What you will do: Reproduce exactly the lines that run from the start of the records below to the line with "Organizations responded by", inclusive.

Data:
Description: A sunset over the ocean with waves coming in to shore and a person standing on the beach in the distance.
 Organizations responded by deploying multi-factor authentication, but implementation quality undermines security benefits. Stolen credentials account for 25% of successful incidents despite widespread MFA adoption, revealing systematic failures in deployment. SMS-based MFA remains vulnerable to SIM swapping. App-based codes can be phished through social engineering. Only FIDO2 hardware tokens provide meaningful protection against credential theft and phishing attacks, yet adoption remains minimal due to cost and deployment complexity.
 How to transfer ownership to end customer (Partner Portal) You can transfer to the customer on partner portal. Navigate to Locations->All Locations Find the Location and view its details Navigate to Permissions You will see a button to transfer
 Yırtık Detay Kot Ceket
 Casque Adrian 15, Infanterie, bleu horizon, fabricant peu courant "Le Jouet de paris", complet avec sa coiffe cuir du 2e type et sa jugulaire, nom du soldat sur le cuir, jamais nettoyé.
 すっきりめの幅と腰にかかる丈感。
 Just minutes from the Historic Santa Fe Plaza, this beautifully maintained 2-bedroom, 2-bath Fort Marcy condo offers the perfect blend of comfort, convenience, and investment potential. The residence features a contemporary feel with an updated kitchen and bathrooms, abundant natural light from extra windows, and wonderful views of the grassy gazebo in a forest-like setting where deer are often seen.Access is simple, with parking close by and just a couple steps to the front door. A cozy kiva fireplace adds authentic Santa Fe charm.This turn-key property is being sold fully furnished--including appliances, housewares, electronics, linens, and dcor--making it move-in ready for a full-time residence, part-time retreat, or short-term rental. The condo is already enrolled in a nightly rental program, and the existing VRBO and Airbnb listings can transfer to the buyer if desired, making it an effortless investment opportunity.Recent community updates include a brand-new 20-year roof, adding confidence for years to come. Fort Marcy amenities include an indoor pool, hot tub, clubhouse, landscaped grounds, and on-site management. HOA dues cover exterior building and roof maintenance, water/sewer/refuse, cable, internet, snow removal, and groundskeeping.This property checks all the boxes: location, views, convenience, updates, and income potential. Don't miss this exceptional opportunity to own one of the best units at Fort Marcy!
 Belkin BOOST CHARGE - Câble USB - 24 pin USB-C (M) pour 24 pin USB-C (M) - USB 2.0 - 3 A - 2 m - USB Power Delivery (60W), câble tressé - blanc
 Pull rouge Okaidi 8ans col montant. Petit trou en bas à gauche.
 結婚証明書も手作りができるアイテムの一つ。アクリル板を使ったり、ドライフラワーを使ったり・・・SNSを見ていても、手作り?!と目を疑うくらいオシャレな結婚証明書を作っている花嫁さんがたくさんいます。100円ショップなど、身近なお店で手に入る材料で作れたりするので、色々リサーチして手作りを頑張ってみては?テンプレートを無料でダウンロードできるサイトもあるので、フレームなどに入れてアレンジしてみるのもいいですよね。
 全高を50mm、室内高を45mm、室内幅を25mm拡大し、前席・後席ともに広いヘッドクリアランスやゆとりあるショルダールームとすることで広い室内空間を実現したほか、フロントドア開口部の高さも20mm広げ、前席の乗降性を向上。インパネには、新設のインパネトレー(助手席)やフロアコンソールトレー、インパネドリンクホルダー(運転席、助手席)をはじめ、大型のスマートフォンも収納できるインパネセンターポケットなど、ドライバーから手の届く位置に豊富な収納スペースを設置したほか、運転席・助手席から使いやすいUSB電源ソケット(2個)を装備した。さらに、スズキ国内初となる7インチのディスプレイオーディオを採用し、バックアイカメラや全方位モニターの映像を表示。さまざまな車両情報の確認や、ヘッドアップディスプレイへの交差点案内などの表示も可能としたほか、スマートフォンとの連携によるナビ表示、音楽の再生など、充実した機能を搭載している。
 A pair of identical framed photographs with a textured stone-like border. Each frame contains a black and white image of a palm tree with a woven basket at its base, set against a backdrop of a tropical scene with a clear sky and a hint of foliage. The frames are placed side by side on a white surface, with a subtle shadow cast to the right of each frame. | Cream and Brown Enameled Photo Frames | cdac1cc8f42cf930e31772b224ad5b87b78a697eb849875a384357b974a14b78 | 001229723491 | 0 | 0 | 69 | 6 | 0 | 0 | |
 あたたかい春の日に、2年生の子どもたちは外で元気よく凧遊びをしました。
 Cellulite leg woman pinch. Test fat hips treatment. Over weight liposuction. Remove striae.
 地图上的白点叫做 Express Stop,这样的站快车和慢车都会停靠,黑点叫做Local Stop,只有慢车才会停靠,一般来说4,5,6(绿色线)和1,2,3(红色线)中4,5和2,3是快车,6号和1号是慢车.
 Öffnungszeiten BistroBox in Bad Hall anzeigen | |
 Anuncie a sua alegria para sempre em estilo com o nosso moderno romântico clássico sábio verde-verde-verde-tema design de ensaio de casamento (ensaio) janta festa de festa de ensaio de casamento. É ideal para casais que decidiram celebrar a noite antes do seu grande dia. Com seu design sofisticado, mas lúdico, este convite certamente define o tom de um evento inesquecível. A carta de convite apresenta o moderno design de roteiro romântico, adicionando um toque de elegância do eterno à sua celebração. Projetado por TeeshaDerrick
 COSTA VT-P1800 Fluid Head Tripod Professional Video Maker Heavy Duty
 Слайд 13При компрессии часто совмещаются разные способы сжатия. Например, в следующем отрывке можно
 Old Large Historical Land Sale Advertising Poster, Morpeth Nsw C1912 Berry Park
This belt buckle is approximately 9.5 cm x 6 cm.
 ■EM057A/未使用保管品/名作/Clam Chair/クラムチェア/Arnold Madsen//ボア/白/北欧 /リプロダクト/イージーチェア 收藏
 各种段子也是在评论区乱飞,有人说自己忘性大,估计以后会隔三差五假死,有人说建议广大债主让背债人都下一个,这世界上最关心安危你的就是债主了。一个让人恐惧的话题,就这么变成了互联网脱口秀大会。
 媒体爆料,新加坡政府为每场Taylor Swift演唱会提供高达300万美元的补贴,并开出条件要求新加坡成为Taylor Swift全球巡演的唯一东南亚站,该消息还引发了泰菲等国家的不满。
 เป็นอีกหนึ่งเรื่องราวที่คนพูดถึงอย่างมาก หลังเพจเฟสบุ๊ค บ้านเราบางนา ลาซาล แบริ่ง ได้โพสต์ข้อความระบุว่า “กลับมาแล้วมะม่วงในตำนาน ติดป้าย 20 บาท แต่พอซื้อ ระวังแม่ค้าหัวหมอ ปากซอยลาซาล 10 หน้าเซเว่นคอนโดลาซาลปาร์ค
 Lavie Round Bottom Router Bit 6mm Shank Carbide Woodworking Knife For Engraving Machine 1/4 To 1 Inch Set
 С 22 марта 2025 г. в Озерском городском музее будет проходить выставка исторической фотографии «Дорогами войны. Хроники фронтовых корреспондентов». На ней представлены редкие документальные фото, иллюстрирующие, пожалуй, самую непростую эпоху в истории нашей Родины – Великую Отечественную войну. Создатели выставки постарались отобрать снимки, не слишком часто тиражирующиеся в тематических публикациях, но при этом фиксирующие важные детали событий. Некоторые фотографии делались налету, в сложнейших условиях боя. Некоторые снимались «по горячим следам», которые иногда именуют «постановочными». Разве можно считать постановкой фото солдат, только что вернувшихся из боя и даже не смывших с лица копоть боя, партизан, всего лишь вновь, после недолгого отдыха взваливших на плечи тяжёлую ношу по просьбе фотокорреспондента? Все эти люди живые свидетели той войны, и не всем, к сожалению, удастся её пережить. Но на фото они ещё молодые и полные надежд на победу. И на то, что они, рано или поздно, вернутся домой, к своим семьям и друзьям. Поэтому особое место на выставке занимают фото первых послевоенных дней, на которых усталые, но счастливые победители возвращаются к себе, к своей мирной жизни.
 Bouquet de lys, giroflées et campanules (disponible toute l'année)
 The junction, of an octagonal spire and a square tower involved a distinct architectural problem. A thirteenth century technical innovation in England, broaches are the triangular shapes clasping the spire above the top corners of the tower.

Problem solution:
Description: A sunset over the ocean with waves coming in to shore and a person standing on the beach in the distance.
 Organizations responded by deploying multi-factor authentication, but implementation quality undermines security benefits. Stolen credentials account for 25% of successful incidents despite widespread MFA adoption, revealing systematic failures in deployment. SMS-based MFA remains vulnerable to SIM swapping. App-based codes can be phished through social engineering. Only FIDO2 hardware tokens provide meaningful protection against credential theft and phishing attacks, yet adoption remains minimal due to cost and deployment complexity.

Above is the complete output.